Enterprise Implementation

As can be seen from this benchmark, this is far from ideal for large-scale deployment on concentrator machines. The reason for the poor performance with a large number of tunnels is due to the startup scripts. Openswan will only start the tunnels sequentially. Currently, there are two solutions for avoiding this connection loading problem:

1.Configure all of your tunnels as auto=ignore, start Openswan, and then use a script, similar to that used in the Standard Naming Convention section above, to run through ipsec.conf executing ipsec auto –add $conn to load each connection. These connections are then loaded in the background, resulting in all connections being loaded in parallel, greatly reducing the start-up time.
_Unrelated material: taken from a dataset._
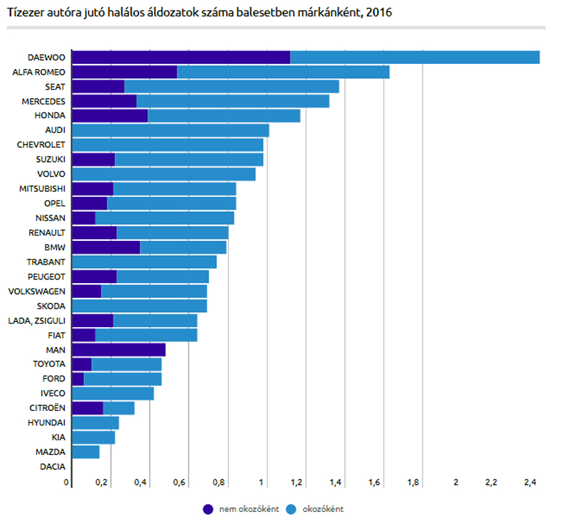 A 2016-os adatokat vizsgálták, akkor 301-en haltak meg autóban ülve. A pontosabb összehasonlítás érdekében nem az abszolút számot nézték, hanem azt, hogy adott márka tízezer darabjára hány halálos baleset jut (azokat a márkákat kihagyták, amelyekből nem fut tízezer darab az utakon, mert a ritkaságoknál torz eredmény született volna). Fontos tudni, hogy az adatokból nem lehetett kiszűrni a haszonjárműveket, tehát amelyik márka kínál furgont vagy akár kamiont, az is benne lehet a számokban.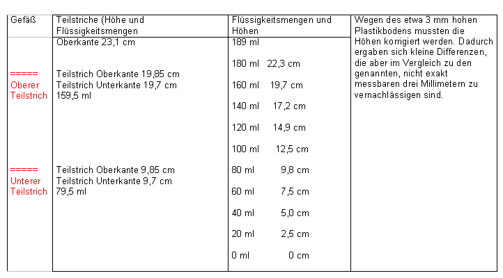 von 1 °C im Temperaturbereich von 20 °C nur um ca. 0,2 ml / 1000

2.Use the new C configuration parser written by Arkoon Networks—ipsec starter. Starter parses the ipsec.conf directly and spawns any Pluto and whack processes as needed, bypassing the scripts. The only downside of starter is that development lags behind regular Openswan development, so not all features that you can set in ipsec.conf are currently supported by starter.

Limitations of the Random Device

The other issue at startup is entropy from /dev/random. In July 2004, 1006 IPsec Tunnels were established in 205 seconds (~3.5 minutes), giving a rate of 5 tunnels/sec. This scales linearly, if the tunnel initiation rate does not increase. The CPU load during the test was always around 60% to 90% (very low).